Around the clock — Bailey wasn’t going to be left alone in that house even for a second until Mikhailov and his son were safely arrested.
“Any tree I know?”
“A Maxwell Crenshaw oak.”
Then Brice told him what he had figured out during the nonstop marathon drive from Boston the night before. Mikhailov had been at the Nautilus for an off-the-books poker game when he was captured in the background of Bailey’s birthday picture. One of the games nobody was supposed to know existed, where high rollers from all over the world won and lost millions.
“Crenshaw knows Mikhailov or he’d never have allowed him in the game. How well acquainted are they? Maybe they’re twins separated at birth or maybe they were introduced at the game a month ago. No way to know which. So I’m taking a shot in the dark.”
It was at least conceivable that Crenshaw knew Mikhailov well enough that he could provide some tiny fragment of information about the man that would help police track the monster down before he butchered María, and if there was even the slightest possibility …
“I’m going to … explore the nature of their relationship,” Brice said. “Pay a visit to the casino, have a little chat with Crenshaw.”
“You be careful. You never know what might clock you over the head if you shake a tree hard enough.”
Crenshaw was a criminal who had bribed and glad-handed his way out of trouble his whole life. He was dangerous.
Ending the call, Dobbs glanced toward the stairs. He thought he’d heard Bailey’s phone ring the same time his had. Maybe it was T.J. who’d called her.
It wasn’t.
Chapter Thirty-Nine
When Bailey’s phone rang at 4:30 that afternoon, she picked it up and saw the name on Caller ID.
María.
/> “I think we have a mutual acquaintance, do we not?” said a voice with a Russian accent. “Or perhaps I have a wrong number … Bailey. Perhaps you do not have a little sister.”
Bailey froze as still as a statue, unable to move or breathe.
Heaven to hell in a heartbeat.
Only minutes before – a mere handful of minutes -- she had been rocking Bethany!
She’d been reluctant to put the child down, reluctant to stop touching her, feared in that totally irrational way of psychotic fears that this part was just a dream. She had, after all, dreamed so often of being reunited with Bethany, of touching her, holding her, kissing her, and now the child was sleeping peacefully in her arms and it really did seem too good to be true.
Bailey didn’t know if Bethany normally took a morning nap — so much she didn’t know! — but she surely took one in the afternoon. Given how disturbed her sleep had been during that awful journey from Boston, the child should be exhausted and Bailey hoped she’d sleep for hours.
She got up carefully, but movement didn’t rouse the child. Then she recalled that Aaron had told her to stop tiptoeing around the house like a cat burglar while the baby slept. Bethany had to adjust to normal noises when she slept or every little thing would wake her up.
Aaron. He was always so reasonable. So wise.

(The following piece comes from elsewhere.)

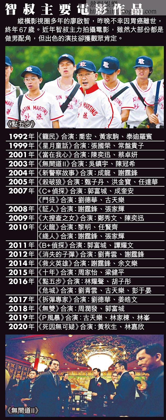 廖啟智於1979年入讀無綫第八期藝員訓練班,之後被安排演出多部劇集如《上海灘》、《飛越十八層》、《薛仁貴征東》及《包青天》,另外亦有參與《歡樂今宵》及《城市追擊》的主持工作。在劇集中智叔多演配角,但憑着出色演技深受觀眾認識及支持,除了無綫外,智叔亦拍過有線及香港電視的劇集,當中《選戰》贏得不少口碑。其間智叔也有參與電影拍攝,先後於1993年憑《籠民》和2009年《證人》兩度獲香港電影金像獎最佳男配角,因而贏得行內「黃金配角」美譽,他近年在浸會大學電影學院任講師及教學顧問。

He’d made a similar observation about carrying the sleeping child into the apartment after she fell asleep in the car.
Just put her in bed and take her shoes off. She’ll be fine.
She smiled now, thinking of Aaron. It felt good to smile at the thought of him instead of the dagger of pain that stabbed into her heart at the memories.
She walked to the couch in the parlor, the brand new couch, thank you very much Raymond Dobson, and gently — but not carefully — laid the little girl down. Bethany wiggled, then put her thumb in her mouth and drifted back off. Bailey snuggled both the old and the new minion blankets around her and forced herself not to tiptoe out of the room. She didn’t close the door all the way, wanted to be sure somebody’d hear Bethany when she woke up.